Introduction to Multi-dimensional Model

A data structure optimized for data analysis

Purpose: Enable complex analytical and ad-hoc queries with rapid execution time
Key components: dimensions, measures, facts

Dimensions

Descriptive attributes by which facts are analyzed

Examples: time, product, customer, location

Dimensions are tables containing:

Attributes: Descriptive properties of a dimension
- product name, color, size
Hierarchies: Logical structures within a dimension that support different levels of granularity
- Example: Year > Quarter > Month > Day

Dimensions in Data Warehousing

Definition

Dimensions are descriptive attributes used to analyze facts in a data warehouse.
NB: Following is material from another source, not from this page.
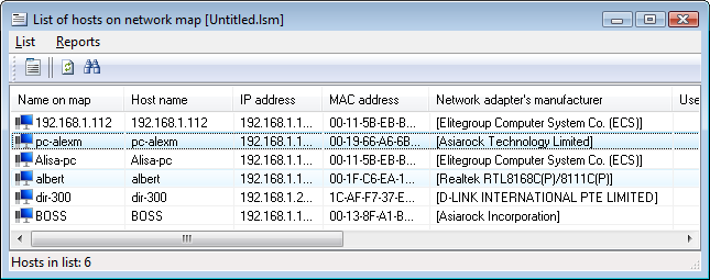 as a map, but also as a list. To build the list of the current map's objects, select the Service | Map object list item in the main menu. The list displays the map object names and network addresses, their IP and MAC addresses, NIC manufacturers, and other data.
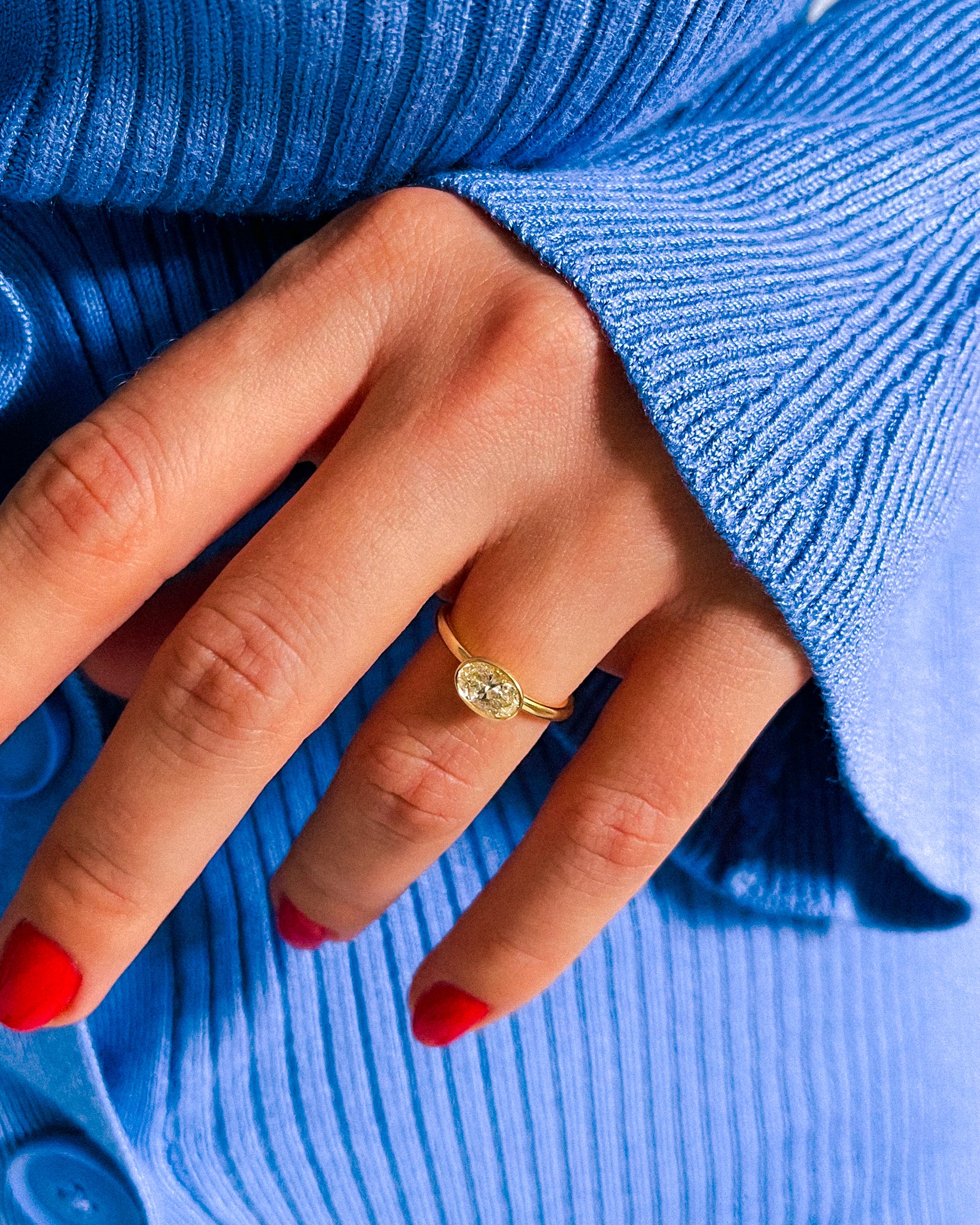 The Cuzco engagement ring features a 0.70-carat oval diamond with VVS2 clarity and a warm light yellow hue (S–T range) is carefully nestled in a sleek bezel setting, offering a seamless, modern silhouette. GIA Certified

They provide the context for numerical measures (facts) and enable various types of analysis.

Key Characteristics

Serve as the foundation for querying and filtering data
Organize data into hierarchies, allowing for drill-down and roll-up operations
Contain textual descriptions that give meaning to the numerical facts

Common Examples

Time: Allows analysis of data over different time periods (e.g., day, month, quarter, year)
Product: Enables analysis of data by product categories, individual products, etc.
Customer: Facilitates analysis based on customer attributes (e.g., demographics, behavior)
Location: Supports geographical analysis (e.g., country, region, city)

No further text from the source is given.